Maggie Anderson Pens Book, ‘Our Black Year,’ About Buying From Black Businesses for Entire Year

Maggie Anderson Pens Book, ‘Our Black Year,’ About Buying From Black Businesses for Entire Year

Maggie Anderson’s shocking and enlightening book, Our Black Year, was born from what many black people say with nauseating regularity, but that the Anderson family actually practiced. The power couple bought exclusively from black-owned businesses for an entire year and documented their profound findings through their Empowerment Experiment website and Our Black Year book.

“The Empowerment Experiment is grounded in my family’s public pledge to live off of black businesses and talent, and to buy black for an entire year. Since then, the Empowerment Experiment has evolved into a movement where we encourage consumers of all kinds and races to support black businesses,” says the Chicago native who’s called “Mrs. Buy Black” at speaking engagements around the country. “And in doing so you counter the social crisis that disproportionately impacts black people. We believe that it’s a beautiful thing that is just as American as buying white, buying military, etc.”


Maggie Anderson and her husband most certainly could be totally immersed in the delightful trappings that their elite education and pedigree have earned them, totally disconnected from the average black person’s experience. John was an Ivy League-educated executive for Ernst & Young with a master’s degree from the world-renowned Kellogg School of Management from Northwestern University. Maggie boasts an undergrad degree from powerhouse Emory University and has both a law degree and master’s degree from the University of Chicago, where she learned constitutional law from then-professor Barack Obama (you might have heard of him). She has worked as an executive for McDonald’s.

But the Anderson family, instead, have become the talk of black America and the nation because they systematically executed the philosophy of Ujamaa — cooperative economics — that our forebears have admonished and pleaded with us to do for over a century. They spent an entire year patronizing African American proprietors.


Our Black Year, set for a national book tour in February,  documents in detail their delightfully entertaining — yet disheartening — account of trying to find and spend money with black American businesses. It also talks about the Kellogg study born from the Anderson’s quest that “proves, through science and not rhetoric, that supporting black businesses empowers black communities,” Anderson said.

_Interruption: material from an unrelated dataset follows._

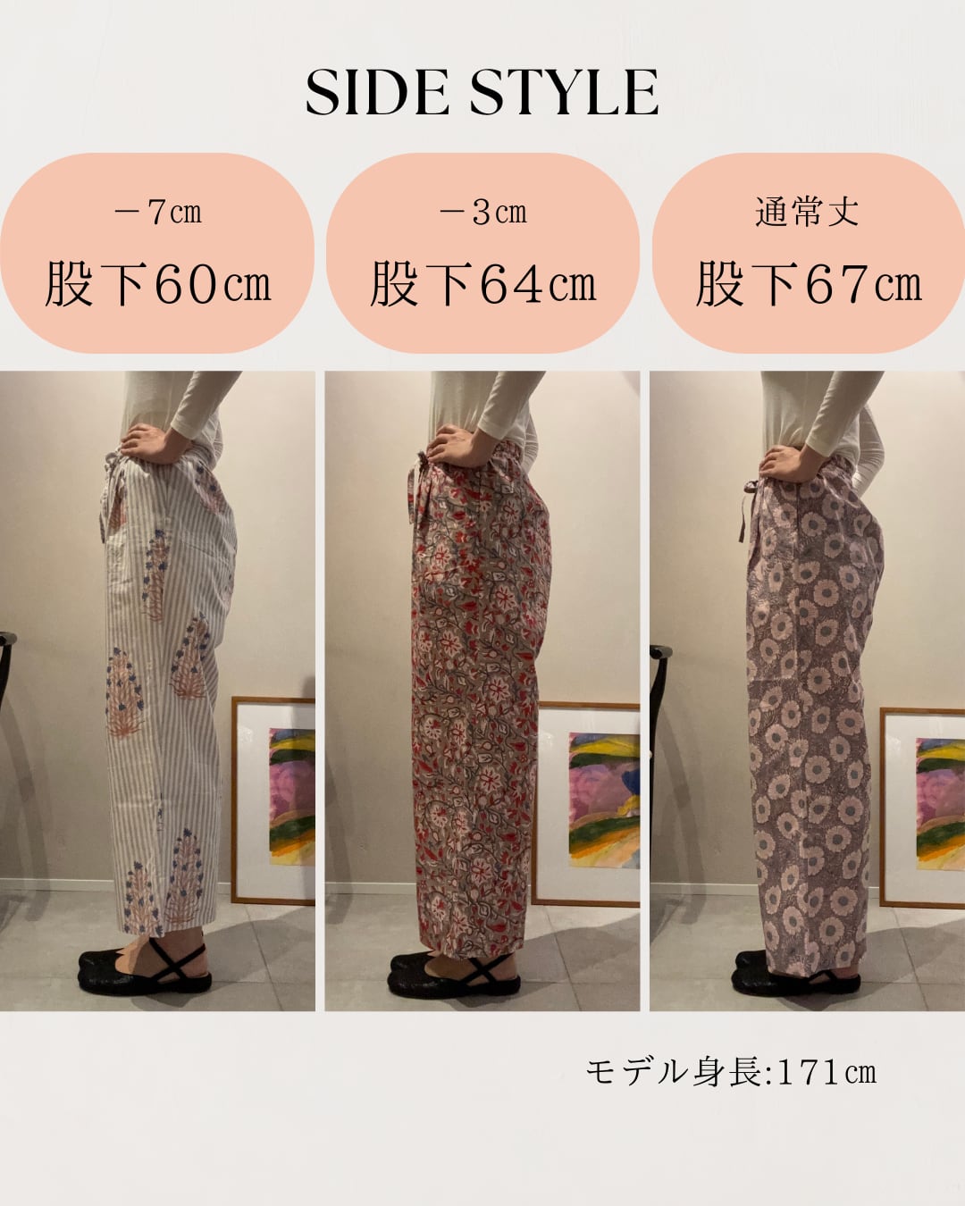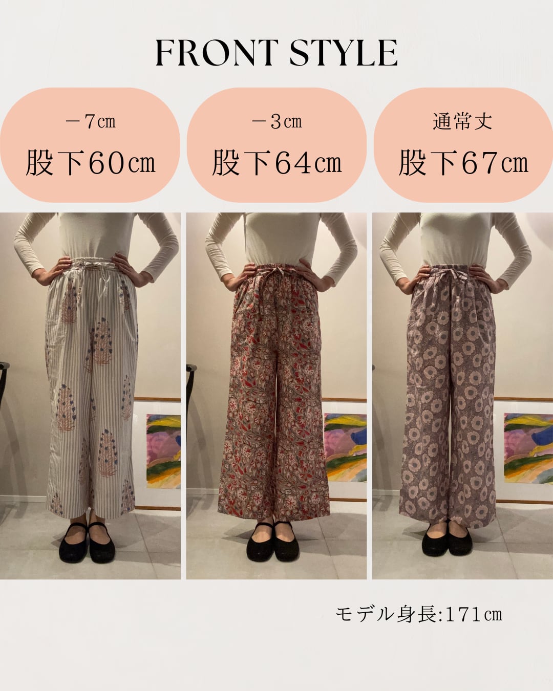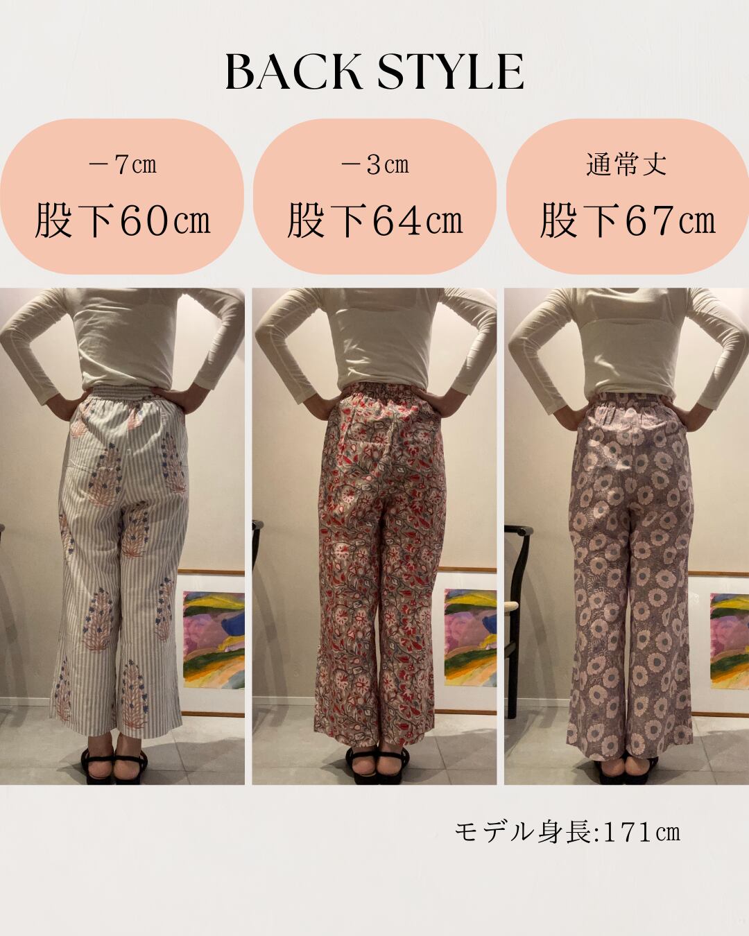 ※股下の長さ以外はすべて同じサイズになります。

What the Andersons learned:

  1. “Finding out that half the businesses that we thought were black are not black-owned.”
  2. Our Black Year exposes the retail and food deserts that exist in the black community. We were living that life that most black consumers live: poor services, inferior goods and high prices from black — and mostly nonblack — business owners,” Anderson said.
  3. “So many industries and markets are upside down, where we dominate in terms of market share, but we have zero representation: House[hold] products, consumer electronics, children’s wear, cellular service [and on and on].
  4. “How just in Detroit, we [comprise] 50 percent of Hennessy’s market share. But what do we get in return for that? What child has Hennessy ever sent to school? Where in Hennessy’s supply chain do you see any black businesses? We want people to think about that for a minute. When you are out there flossing Hennessy, what does you and your community get out of it? What have they ever done for black businesses?

The power couple’s Empowerment Experiment pledge began innocently enough as they indulged themselves along Chicago’s upscale section of town. “It started in 2003. We were having dinner for our anniversary at a posh restaurant on Chicago’s Magnificent Mile. We spent $600 at 5-star Tru restaurant,” she said. The conversation steered towards what it always seems to go toward: the urban plight.

“We started talking about what are we going to do, that maybe we should be mentoring. And then the bill came,” said Maggie Anderson. But when the waiter brought the bill, the Andersons were also given a powerful epiphany. “The bill was $600 and we said to ourselves, ‘we are part of the problem.’ We just spent $600 with this restaurant and we know that none of it is going to [be used] to help our people. That night, we decided to make the pledge to support black businesses. We talked about what a lot of black couples do: Let’s buy black for a whole month. But then it went to three months, and then for a whole year. And we said ‘hey, let’s document it. Let’s build a movement and tell the press and build a website.’ ”

Anderson asks that more black people, regardless of education and social status, join her family’s movement at www.eefortomorrow.com, and change the paradigm of black America forever — one black business at a time.